• [INSTRUCTIONS TO FOLLOW] Output exactly the lines from the first line of the records below through the line containing "Model kız katı bej bir arka plan üzerinde poz veriyorModel", both included, leaving out any pictures.

*** Opening PROVIDED RECORDS ***

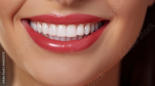 © WS Studio 1985, Obraz premium A young woman's smile shows off her pearly whites. a consequence of the teeth-whitening process. The picture represents dental treatment for the mouth. generative ai
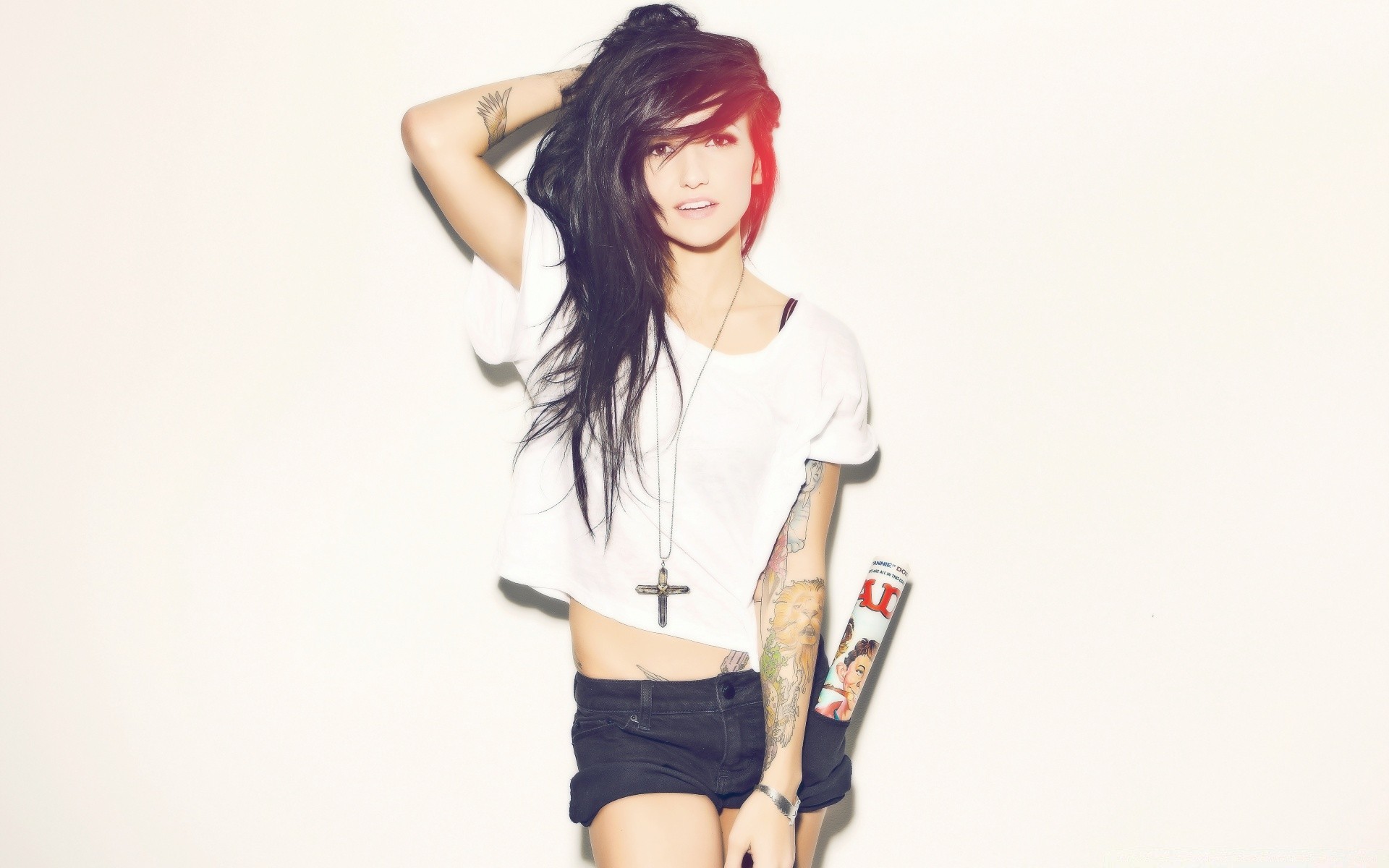 Model kız katı bej bir arka plan üzerinde poz veriyorModel kız katı bej bir arka plan üzerinde poz veriyor
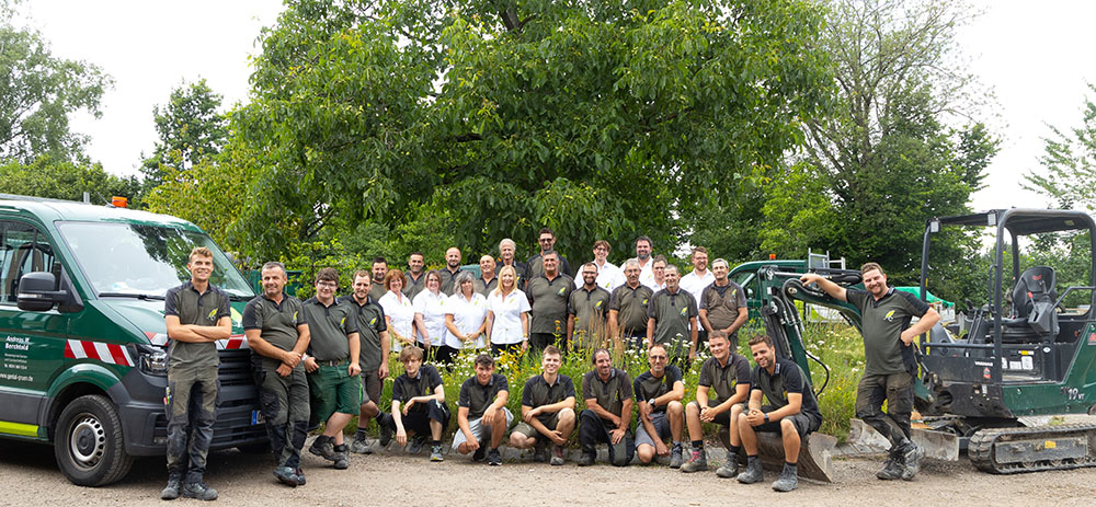 Uns eint die Liebe zur Natur und zu den Menschen, die in und mit ihr leben. Und wir stellen uns gern Herausforderungen. Von der Gartenplanung, Aussaat, Anpflanzung und Pflege über das Anlegen von Teichen, Natursteinbauten oder einer Dachbegrünung bis hin zum Pflastern von Wegen und Plätzen, Baumfällen oder einem zuverlässigen Schneeräumdienst – Ihre Wünsche, Ihr Grundstück und Ihr Garten sind bei uns in besten Händen.
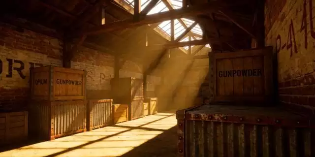 特点:钉铁皮的木箱、英文标识(GUNPOWDER/OPIUM)、火灾戏。
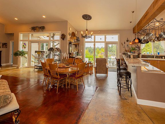 Looking for a private, mountain top estate just ten minutes from Eureka? This is it. End of road privacy with views for dozens for dozens of miles. The front door sets the tone with large and spacious, soaring vaulted ceilings, extra large windows to capture the big views and natural light all meet you as you enter. Large living space for large living. Contractor built personal home with extra amenities throughout the home. Radiant heated artisan concrete floors, enormous master bath with long views over the redwood studded valley. Green house and flower garden, enormous fire pit and sunken seated garden area and more areas private to each other within the spacious yard. This is rare to find quality in almost fairytale setting hidden from the rest of the world, yet close to town.
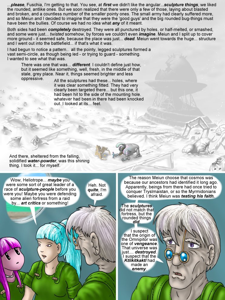 PAGE FOOTNOTES: Finally we get to see how Dr. Aoi found the Omnipitor, and in what location. I think longtime readers of my works will have already guessed the source of the two armies, just from their look.
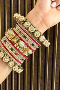 Discover our premium  Bangles, crafted with high-quality gold plating that does not fade easily and offers a lasting shine. Designed with the finest craftsmanship, each piece carries a lifetime of 3–5 years of brilliance. At Nikhar, we bring to you the legacy of 40 years of trusted craftsmanship, with every piece handcrafted in our Delhi store to reflect elegance and tradition. After this period, you can simply contact us for re-polishing services to keep your bangles looking as good as new.

*** Closing PROVIDED RECORDS ***

• [SOLUTION BELOW]
 © WS Studio 1985, Obraz premium A young woman's smile shows off her pearly whites. a consequence of the teeth-whitening process. The picture represents dental treatment for the mouth. generative ai
 Model kız katı bej bir arka plan üzerinde poz veriyorModel kız katı bej bir arka plan üzerinde poz veriyor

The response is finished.